For the record Madrid has aced the war against pollution by running hydrogen run buses…recognise them by their blue color.
Metro underground has over 300 stations and runs from 6 a.m. to 1.30 a.m. There are 13 lines and the maps at stations have multilingual options besides being color coded so it won’t be difficult to understand. Metro trams have only 4 lines; Colonia Jardin To Estacion Aravaca, Pinar De Chamartin To Las Tablas, Colonia Jardin To Puerta De Boadilla and a circular line tranvia de Parla.
You can order taxis using the radio taxi service and from the umpteen taxi stands but you can only hail them when the green lights are on. In Madrid taxi rates aren’t cheap…there are extra charges for night runs, holidays, airport service etc.

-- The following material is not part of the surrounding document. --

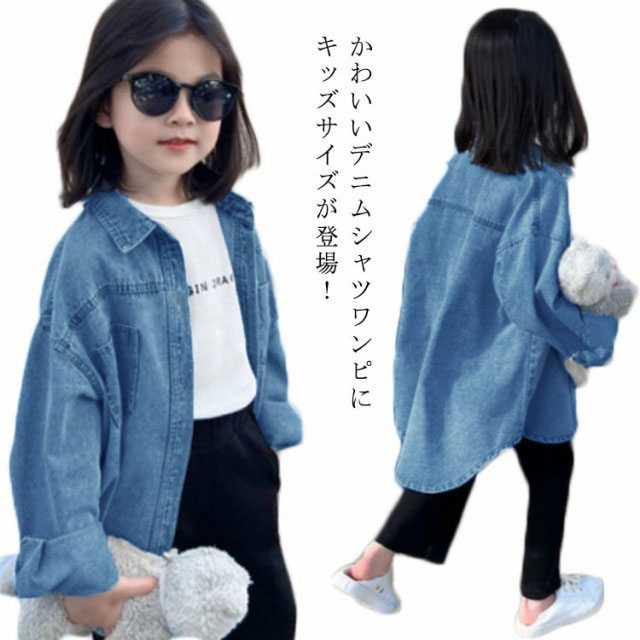 キッズ 90 女の子 シャツワンピース デニム チュニック ブラウス デニムシャツ カジュアルシャツ 110 ゆったり 無地 羽織り 薄手 前後差 ロング 120 130 1 100

Madrid has tourist focused open topped hop on hop off buses that will take you around most of the interesting landmarks and attractions of the city. You might find yourself hopping off to explore some fascinating aspect and then never getting on that bus…that’s what Madrid does to you.
Weather And When To Go
Summers can be quite hot in Madrid and often the Celsius touches 40 degree C but it’s not humid and so roaming around on the streets isn’t a torture. One of the highest altitude capital cities of Europe, Madrid has non humid cold weather in January-December. There is winter sunshine in the mornings, hotel rates are low and its sale time in shops. The Celsius may dip below freezing point but it hardly ever snows.
Ideally, late spring and early fall are the best climate-wise to visit Madrid. October-November sees the autumn festival, three king’s day, Madrid Carnival and Gastrofestival happen in Jan-February while April to May sees a slew of events like Dos del Mayo, Madrid Marathon, Feria del Libro and Fiesta de San Isidro. August is perhaps the only avoidable month….most locals (café owners and restaurant owners too) take a month off to holiday.